Make Y! My Homepage
{ "market" : {"NAME" : "U.S.", "ID" : "us_market", "TZ" : "EDT", "TZOFFSET" : "-14400", "open" : "", "close" : "", "flags" : {}} , "STREAMER_SERVER" : "http://streamerapi.finance.yahoo.com","arrowAsChangeSign" : false,"throttleInterval": "1000"}

EPA goes to industry to fix faulty Texas permits

EPA offers to work with industry to fix faulty Texas air permits

ap
, On Friday June 11, 2010, 9:02 am

HOUSTON (AP) -- The U.S. Environmental Protection Agency offered on Thursday to work directly with Texas' petrochemical industry in an effort to fix permits it says have long violated the Clean Air Act.

The EPA's offer is the latest in a drawn-out, public and politicized battle between the federal agency and Texas. The dispute evolved last month from a debate over pollution permitting into a pitched battle over states' rights, reaching the tipping point when the EPA threatened to remove Texas' permitting authority -- a role traditionally filled by states.

The EPA made public on Thursday a proposed voluntary program that would allow the nation's largest refineries to hire independent auditors to correct the problem permits while guaranteeing them legal forgiveness should violations be found. The auditors would determine what the required emission limits should be in each unit of a facility. After the EPA approved the findings, Texas would be asked to include the limits in air and operating permits. A 10-day public comment period on the program began Thursday.

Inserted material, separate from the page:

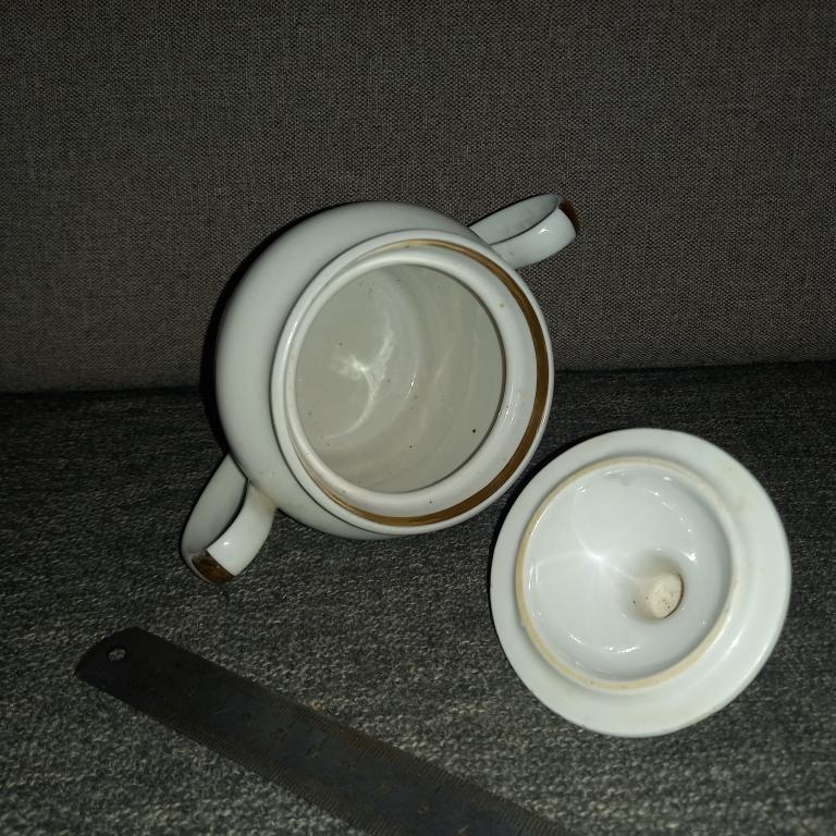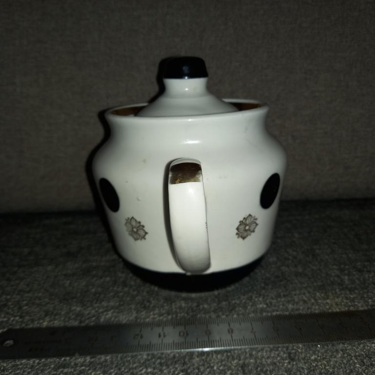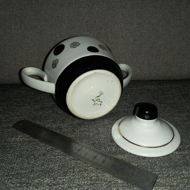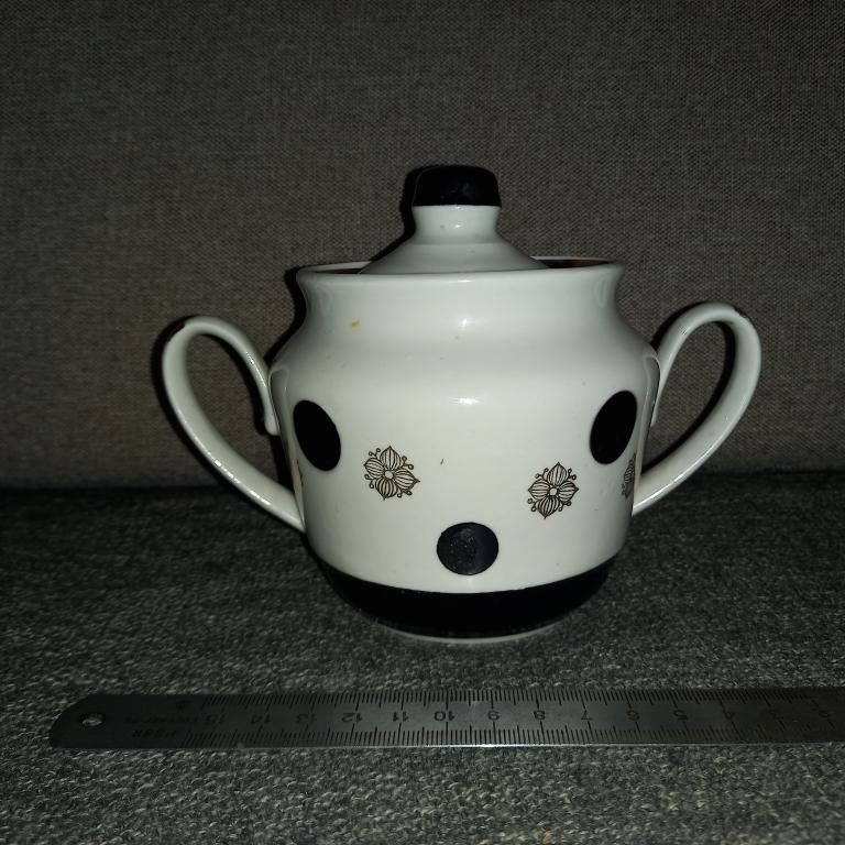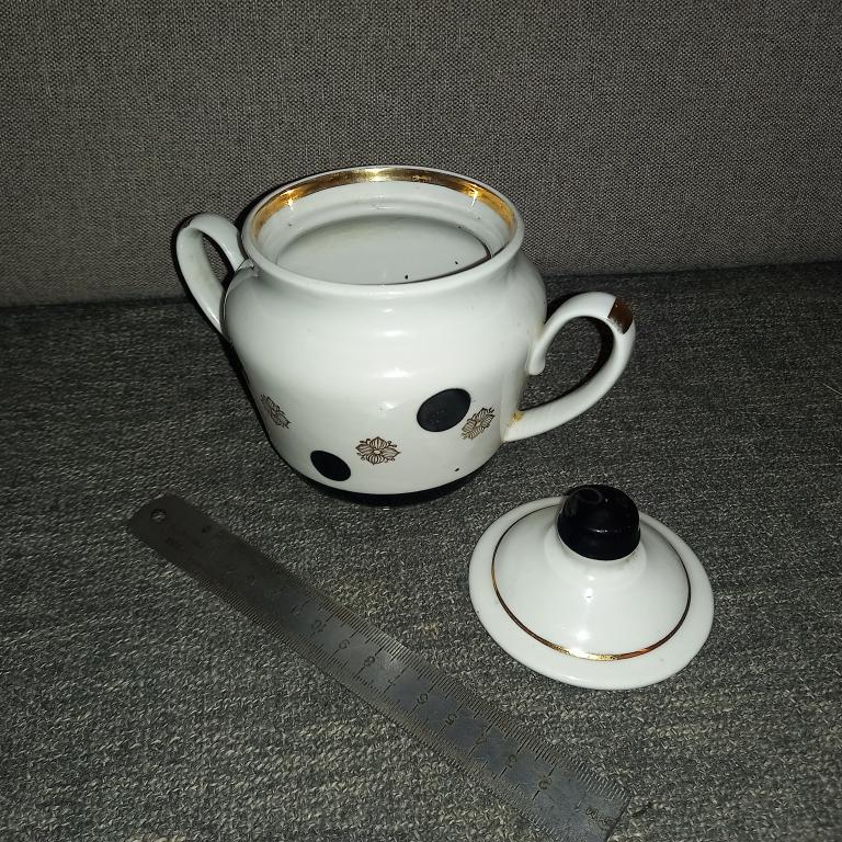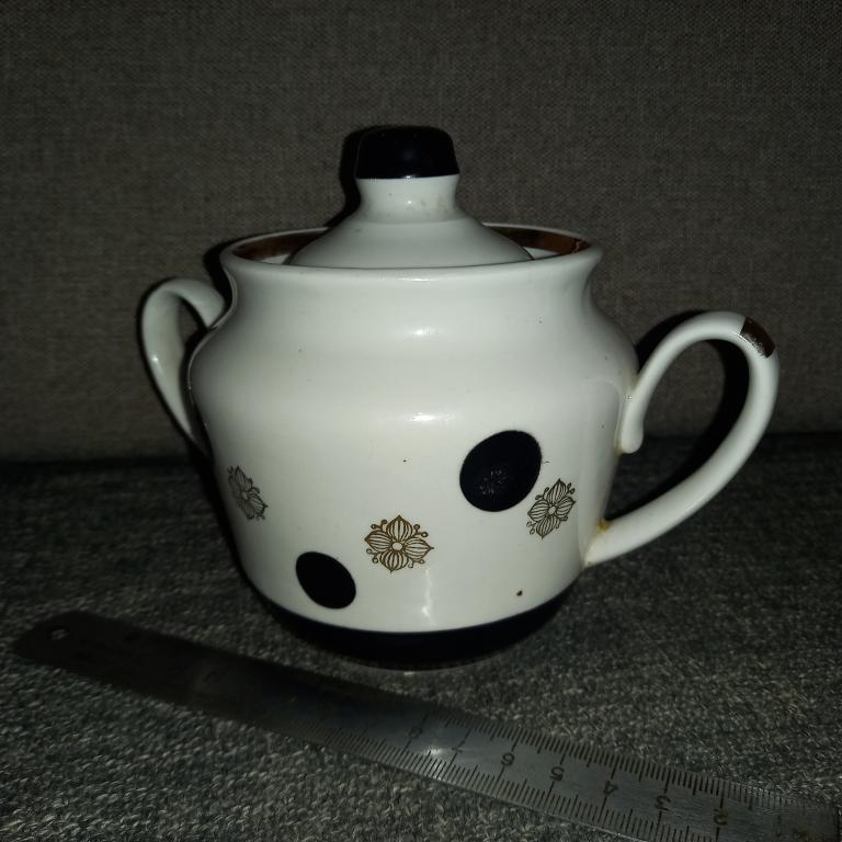 Старая сахарница с деколью. Без сколов и трещин! Есть небольшая подкраска полета черной краски! 80-е гг.

While the program aims to correct a complicated problem by allowing industry to work directly with the EPA, the program gives Texas a rubber stamp status, with the state simply approving requirements after they receive a federal nod.

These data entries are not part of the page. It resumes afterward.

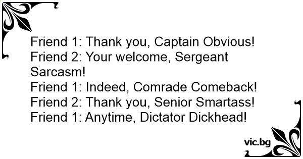 Friend 1: Thank you, Captain Obvious!<br />Friend 2: Your welcome, Sergeant Sarcasm!<br />Friend 1: Indeed, Comrade Comeback!<br />Friend 2: Thank you, Senior Sмаrтаss!<br />Friend 1: Anytime, Dictator Diскhеаd!
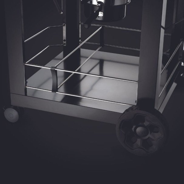 - Un chariot pratique : Il possède un chariot à roulettes, dont 2 grandes roues tout terrain et 2 roues multidirectionnelles avec freins et une tablette rabattable avec des crochets afin de suspendre vos ustensiles. Il est équipé d’une poignée de transport afin de le transporter où bon vous semble. Un autre espace de rangement est disponible afin de ranger votre housse de protection lors de l’utilisation par exemple. La petite touche en plus, un décapsuleur est intégré au chariot.
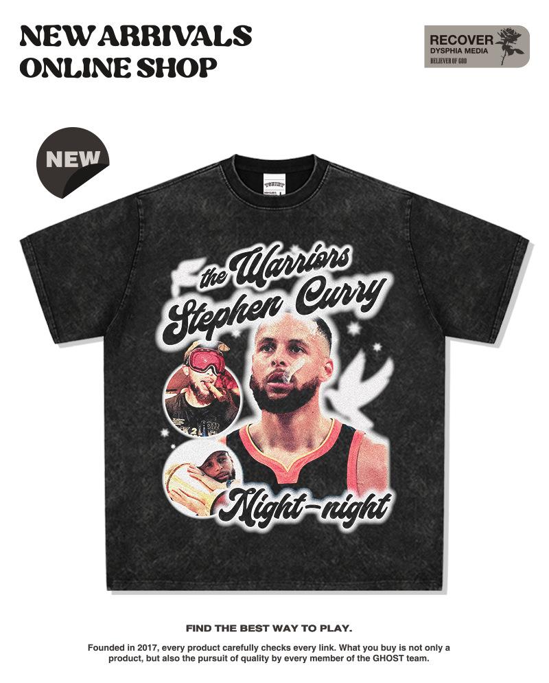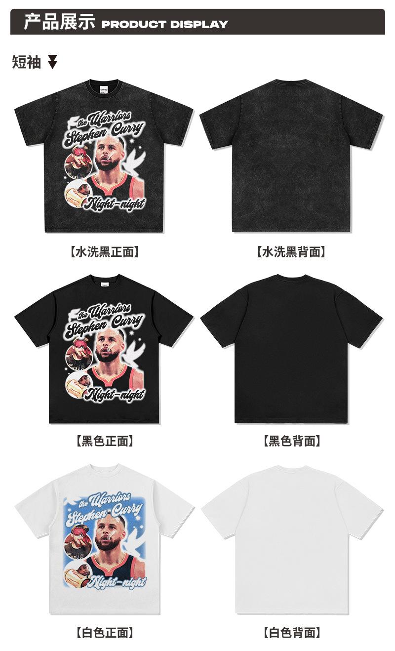 Compra Camiseta de manga larga y manga corta estilo americano de calle alta con estampado de curry transfronterizo, lavada antigua, pesada, cuello pequeño, marca de moda al por mayor en Joom.pro

The Texas Commission on Environmental Quality indicated it was not satisfied with the proposal.

"While we support innovative approaches, we do have concerns with the efficiency of the audit concept and how it would overlap the state's permitting processes," the state agency said in a statement, but declined to comment further.

Al Armendariz, the EPA's regional director, said the EPA discussed the program with state officials before going public. He said the concept was also intensively discussed with some of the country's largest petrochemical companies, who "don't like the uncertainty" of operating with permits the EPA believes violate federal law.

"We are going to work with industry to identify what the legally appropriate requirements should be and should have been all along," Armendariz said.

The EPA, he added, would welcome Texas' input in the program, including in reviewing the audits.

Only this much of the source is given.